According to the government, these new measures are aimed at ensuring that the 457 visa program is only used to meet genuine skill shortages, by requiring sponsoring businesses to make genuine efforts to provide employment opportunities to Australians.

What is labour market testing?

The new provisions refer to efforts made by a sponsor to test the Australian labour market to ensure that there is no suitably qualified and experienced Australian citizen or permanent resident or ‘eligible temporary visa holder’ available to fill that position.

Efforts to recruit locally for the nominated position (or similar positions) will need to have taken place within the 12 months before lodging the nomination, and should be provided at the time of lodgement.

When are employers required to undertake labour market testing?

Sponsoring employers are required to undertake labour market testing unless the position is “exempt”. The exemptions are currently broad enough to cover the majority of occupations eligible for sponsorship under the 457 program.

A sponsor will be exempt from undertaking labour market testing if:

  • It would be inconsistent with Australia’s international trade obligations. This includes workers nominated from certain countries (including ASEAN nations), certain intra-company transfers, and some executives and senior managers;
  • The position relates to relief or recovery for a major disaster; or
  • The nominated position relates to an occupation with “Skill Level 1” or “Skill Level 2” within the Australian New Zealand Standard Classification of Occupations (AZNSCO). Practically, this covers most managerial or professional occupations, except engineering and nursing occupations which are “protected” occupations according to the legislation.

The effect of these exemptions is that most trade and technical occupations, as well as the “protected” engineering and nursing occupations, will require labour market testing. For a full list of occupations that will require labour market testing.

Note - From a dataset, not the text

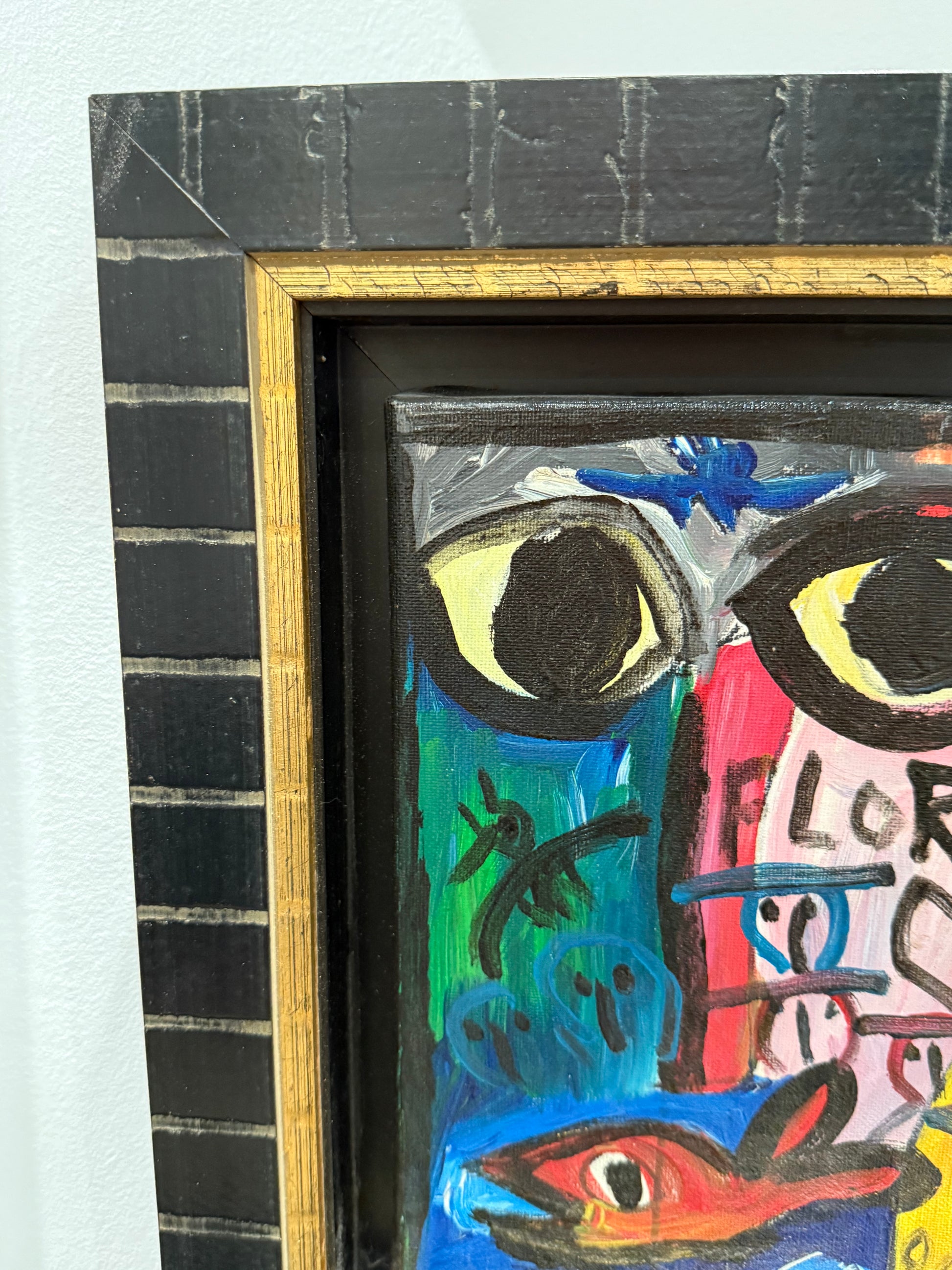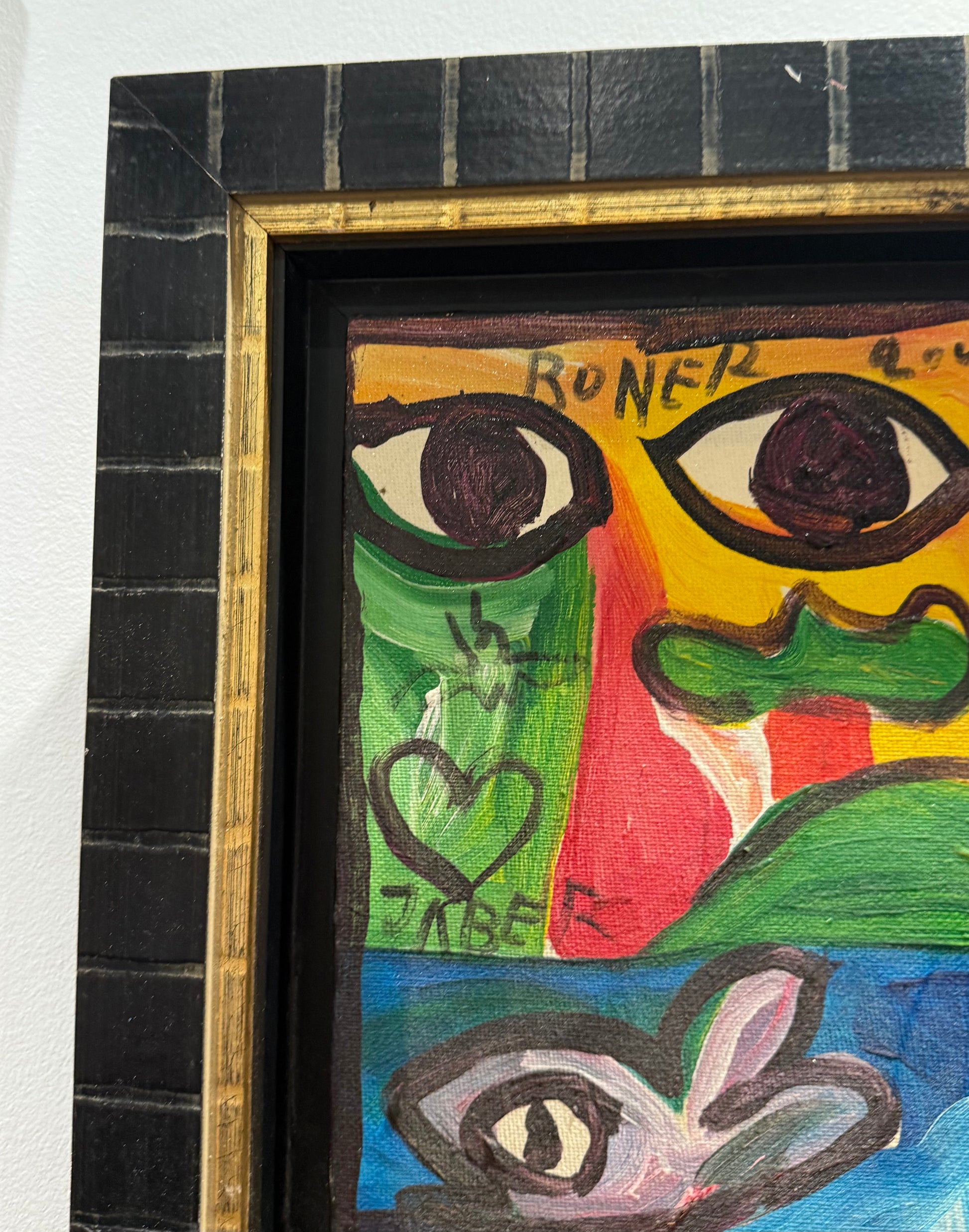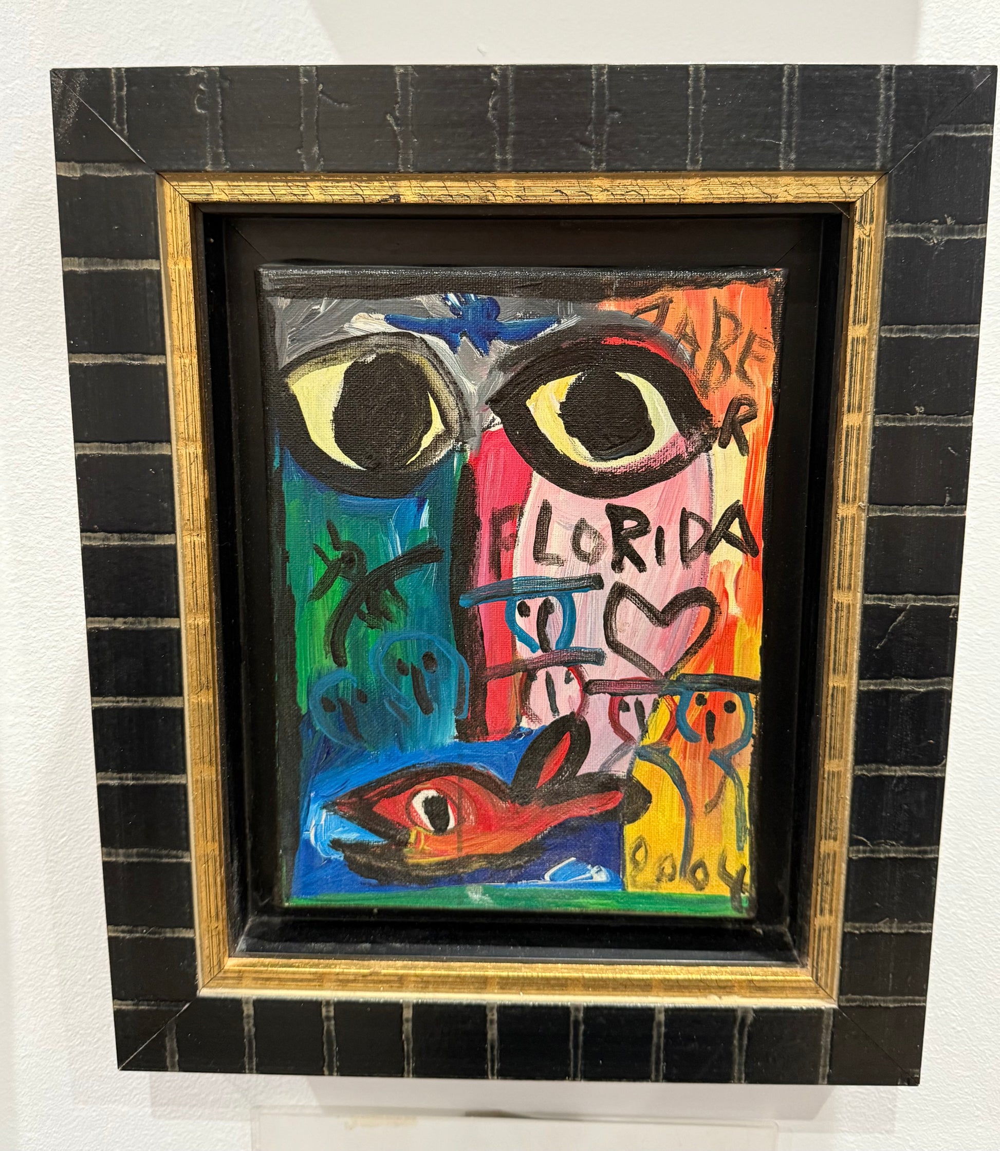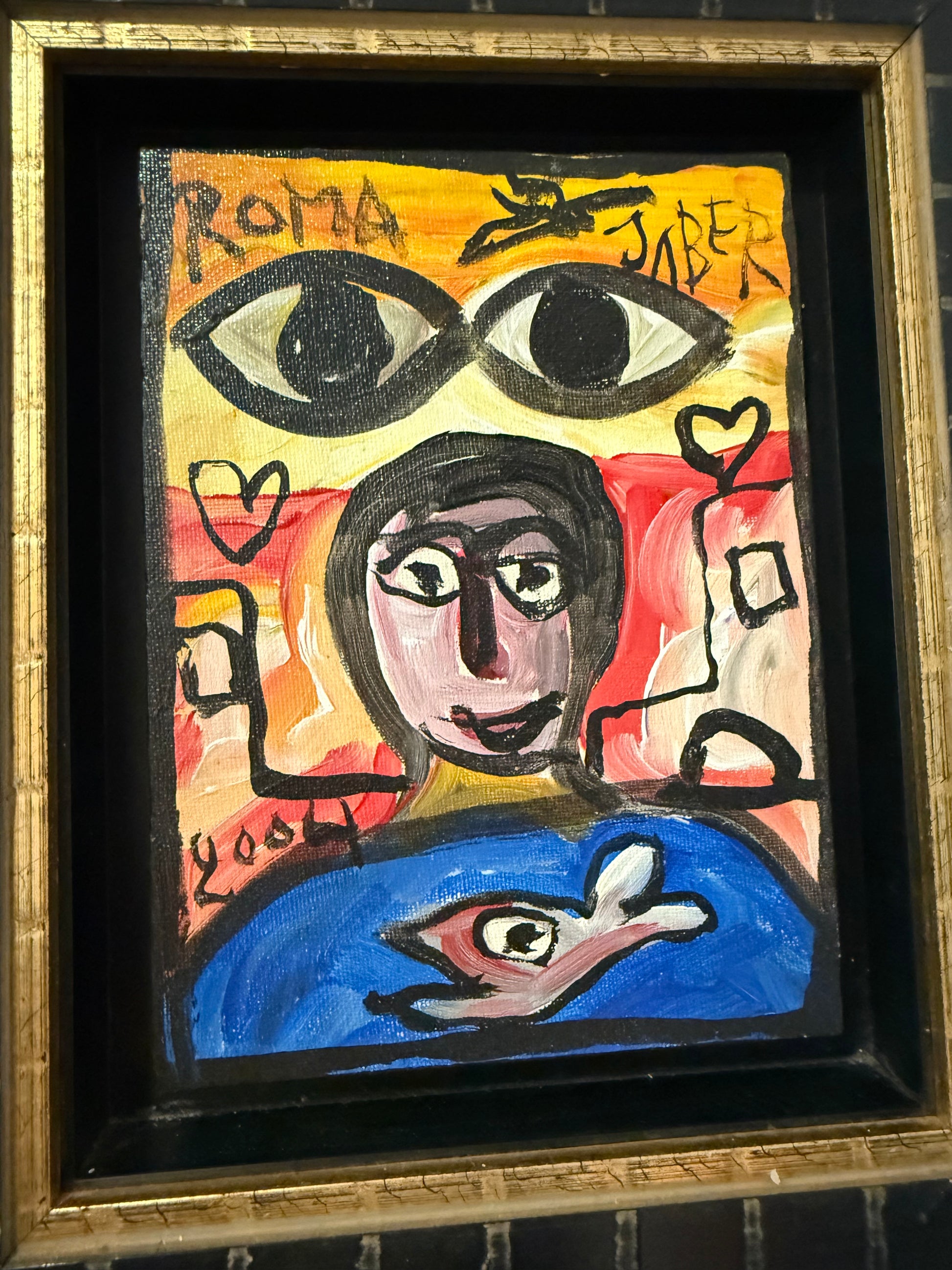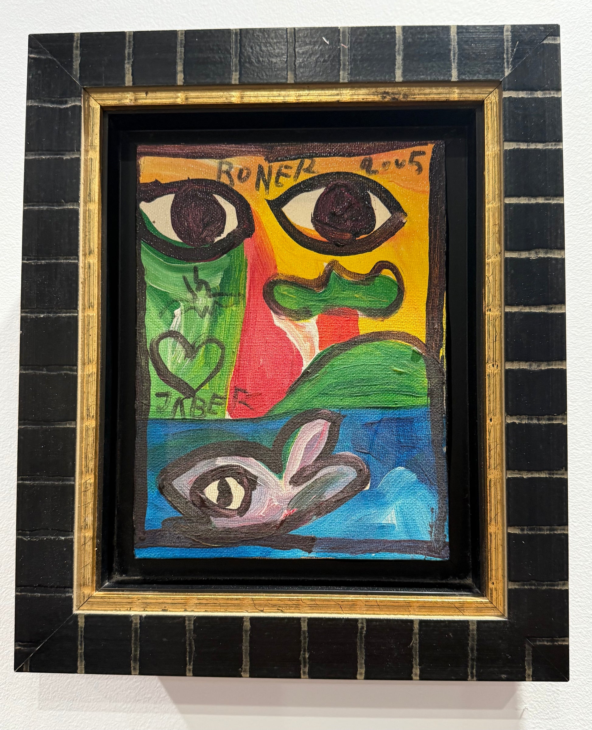 Ce triptyque haut en couleur signé Jaber, artiste autodidacte au style brut et expressif, est un concentré d’énergie et de spontanéité. Chacune des toiles met en scène un visage stylisé aux grands yeux, regardant le spectateur avec intensité. On y retrouve des éléments récurrents chers à l’artiste : le poisson à l’œil humain, les symboles naïfs, les cœurs, les messages (“FLORIDA”, “ROMA”, etc.), qui inscrivent ses personnages dans un univers joyeux, enfantin, parfois mystique.

What do sponsors need to do?

Where necessary, evidence of labour market testing must be provided at the time of lodging the nomination. Sponsors can provide the following:

  • details of paid or unpaid advertising (this includes advertising on the sponsor’s own website or social media), or other recruitment efforts (including the use of external recruitment agencies), that have been conducted by the business within the 12 months before lodging the nomination;
  • results of the advertising or other recruitment methods produced; and
  • if responses were received, a statement outlining why any candidates were unsuitable for the position, or were unwilling to take up the position.

Detailed records of job interviews or copies of job applications are not required.

Evidence of labour market testing will also be required where, in the four months before lodging the nomination, redundancies or retrenchments have occurred in the same occupation as the nominated position.

Summary

Affected sponsors should be mindful of the new requirements, and retain evidence of job advertisements or recruitment activities as this can continue to be relied upon for a period of 12 months.
The exemptions to the new provisions are broad enough to cover most occupations on the Consolidate Sponsored Occupations List (CSOL) that are eligible for nomination under the 457 program. Therefore, many businesses may presently be unaffected by the new requirements.

All sponsors should be aware that the new provisions have been enshrined in legislation, so they could be expanded or amended at a later date. The government may choose to limit the exemptions (which are currently very broad) in future.